TO DO >>
Nothing but the lines below from the one that contains "[คุณสมบัติเครื่องพิมพ์] หรือ [คุณสมบัติ]" through the one that contains "火红的灯笼挂满街头,新春的脚" should be retyped, exactly and including both ends. Do not include pictures.

MATERIAL TO PROCESS >>
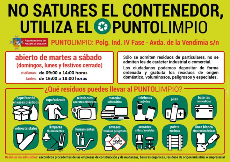 El ayuntamiento de Alcázar de San Juan, a través de la concejalía de Medio Ambiente pone en conocimiento que el Punto Limpio permanecerá cerrado los días sábado 27, domingo 28 y lunes 29 de marzo.
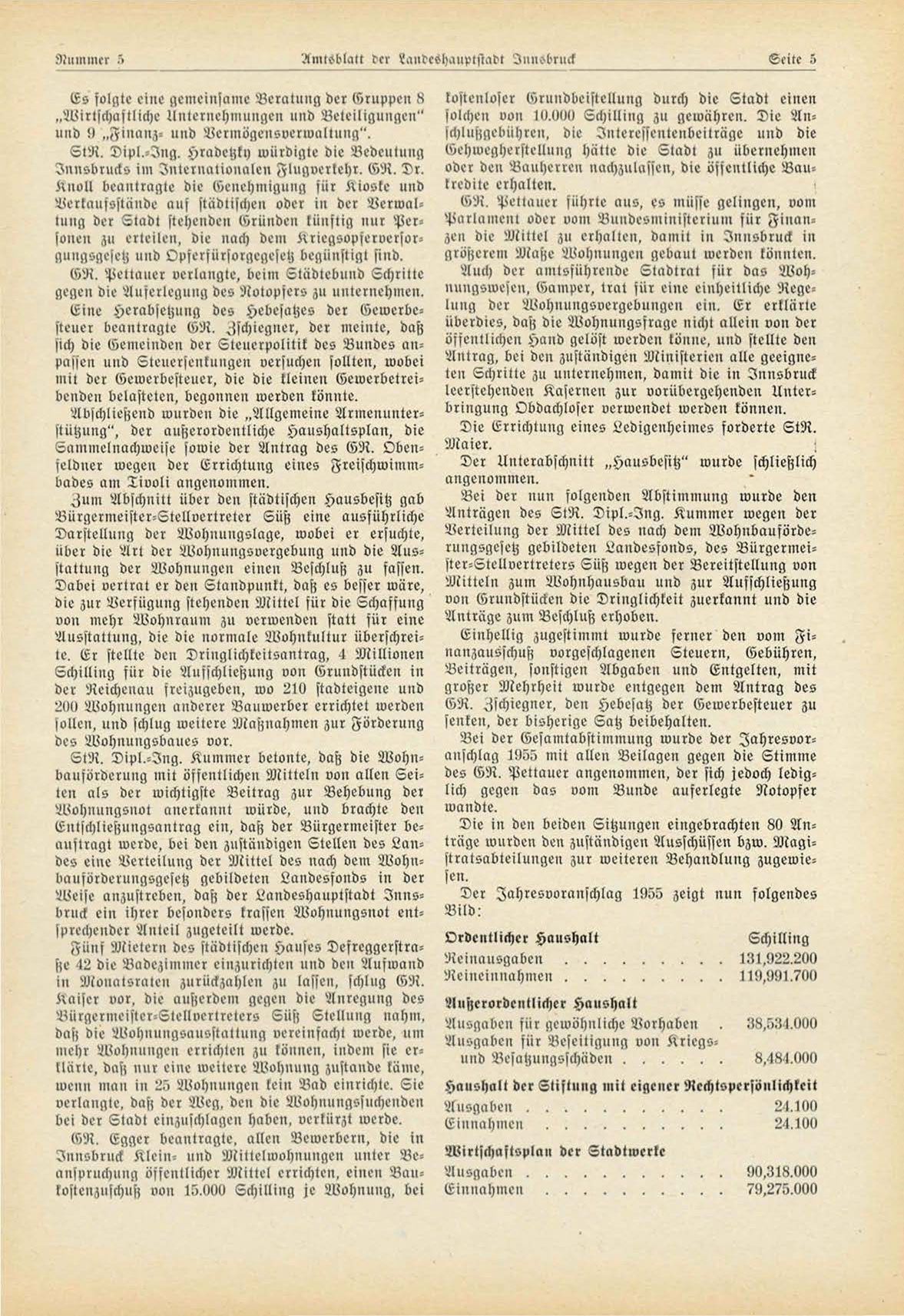 Der Iahresvoranschlag 1955 zeigt nun folgendes
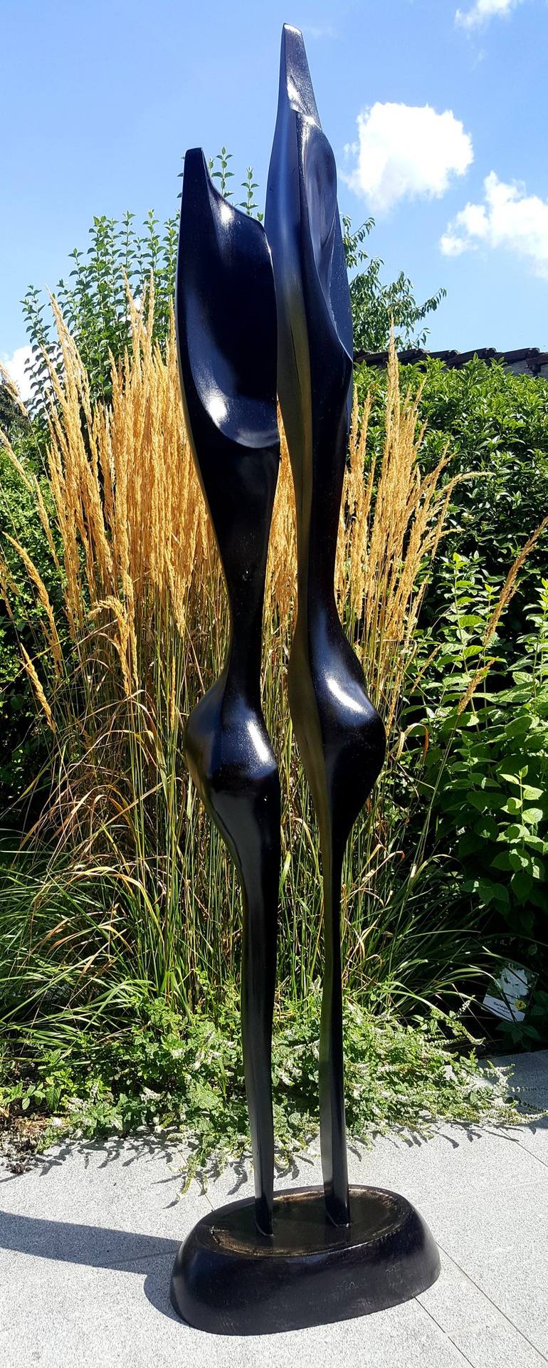wooden sculpture, beech on pine, treated with black shellack and epoxy. Important: my sculptures are for inside placement only. For more details see the video @ hhttps://www.youtube.com/watch?v=EZvuRqOBlt4
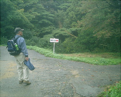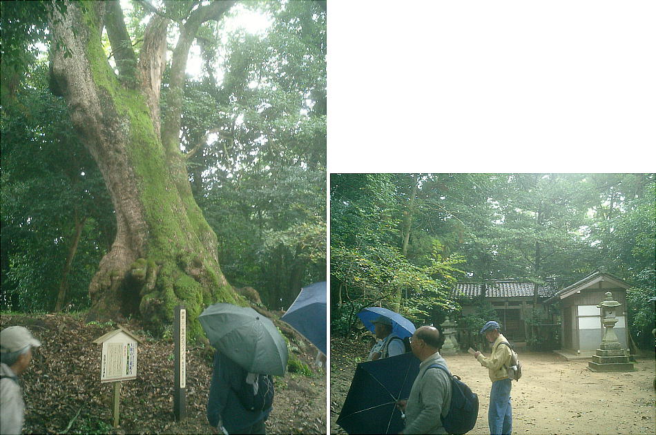 村のはずれの天神様で小休止。靖さんが堆肥を造るのに、落ち葉の下からなにやら雑菌を集めていた。
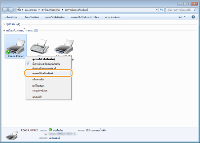 คลิกขวาที่ไอคอนไดรเวอร์ของเครื่องนี้ และคลิก [คุณสมบัติเครื่องพิมพ์] หรือ [คุณสมบัติ]
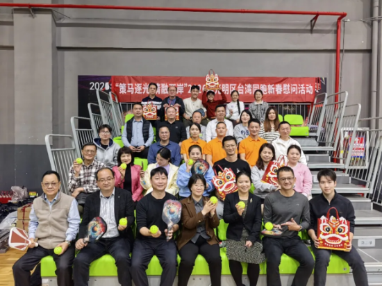 火红的灯笼挂满街头,新春的脚步越来越近。2月3日下午,光明区群众体育中心迎来了一场别开生面的温情相聚。30位在深台商台胞代表齐聚一堂,共同参与"策马逐光 情融两岸"2026年光明区台湾同胞新春慰问活动。此次慰问活动一改以往座谈交流的模式,创新采用匹克球趣味赛的互动形式,让各位台商台胞在忙碌的年末卸下疲惫,以运动为桥,在并肩协作、趣味比拼中拉近距离、凝聚同心。
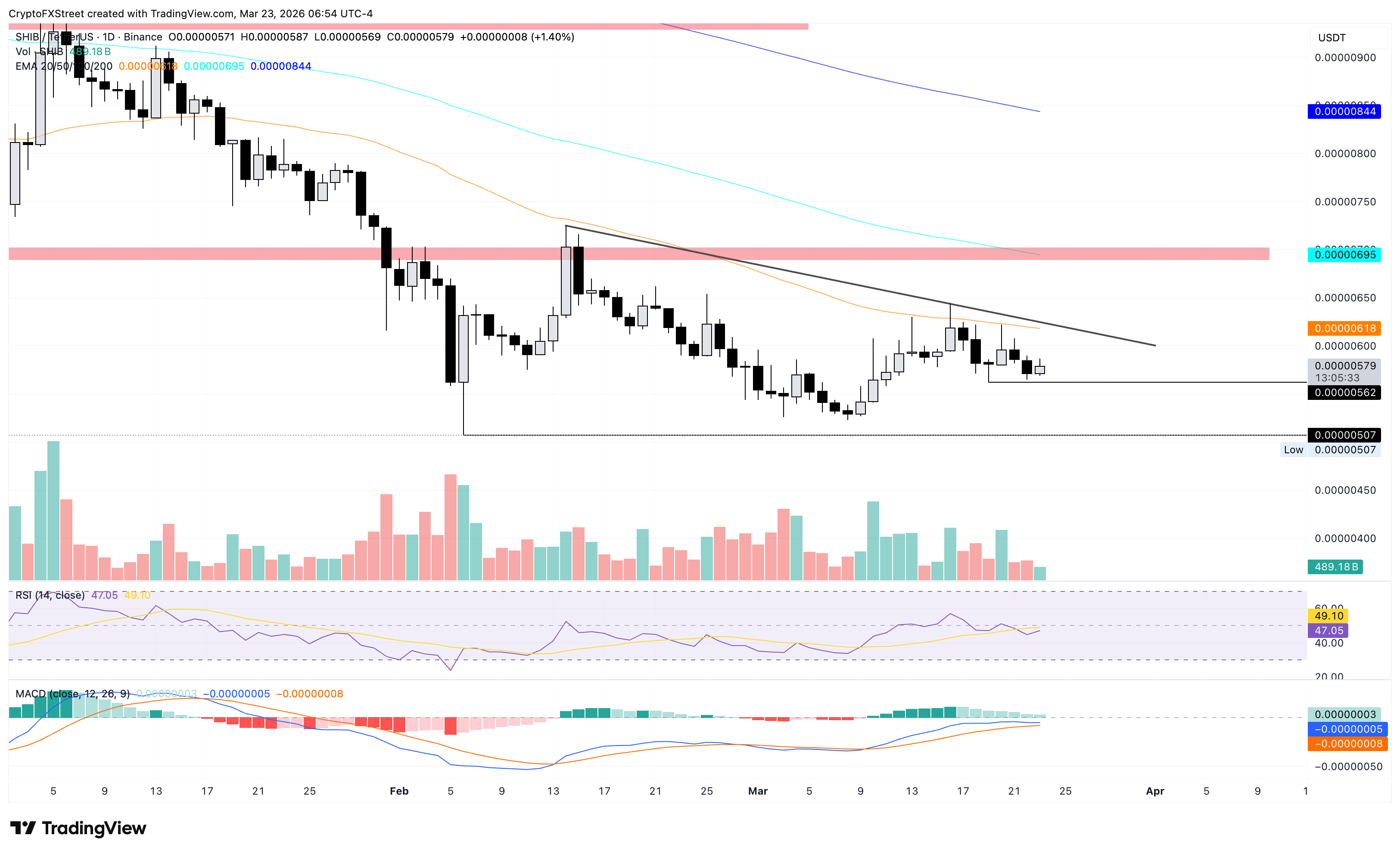 Shiba Inu sube ligeramente al momento de la publicación el lunes, tras dos días consecutivos de pérdidas. La moneda meme se mantiene por encima del mínimo de la semana anterior en 0.00000562$, limitando el riesgo a la baja hacia el mínimo del 6 de febrero en 0.00000507$.
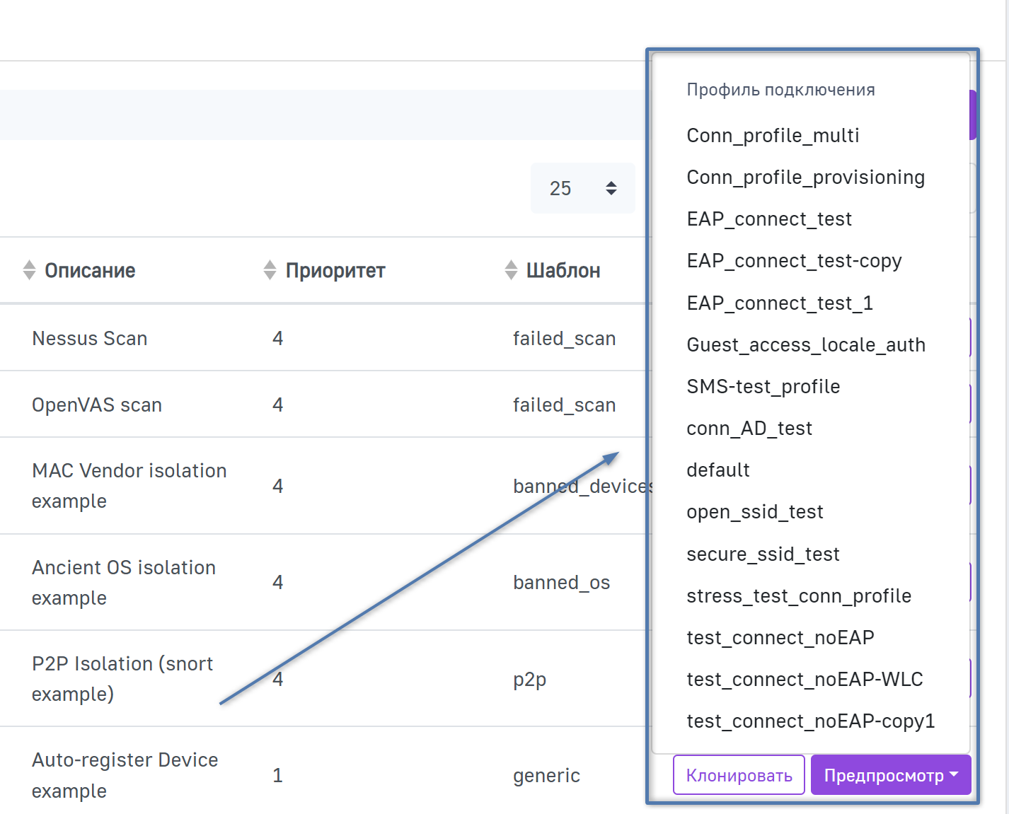 Для того, чтобы выполнить предпросмотр HTML-страницы, отображаемой при срабатывании события безопасности, нажмите Предпросмотр в правой части таблицы. При нажатии вам будет предложено выбрать профиль подключения, для которого вы хотите выполнить предпросмотр. После выбора профиля подключения будет отображена HTML-страница.

YOUR RESPONSE >>
 คลิกขวาที่ไอคอนไดรเวอร์ของเครื่องนี้ และคลิก [คุณสมบัติเครื่องพิมพ์] หรือ [คุณสมบัติ]
 火红的灯笼挂满街头,新春的脚步越来越近。2月3日下午,光明区群众体育中心迎来了一场别开生面的温情相聚。30位在深台商台胞代表齐聚一堂,共同参与"策马逐光 情融两岸"2026年光明区台湾同胞新春慰问活动。此次慰问活动一改以往座谈交流的模式,创新采用匹克球趣味赛的互动形式,让各位台商台胞在忙碌的年末卸下疲惫,以运动为桥,在并肩协作、趣味比拼中拉近距离、凝聚同心。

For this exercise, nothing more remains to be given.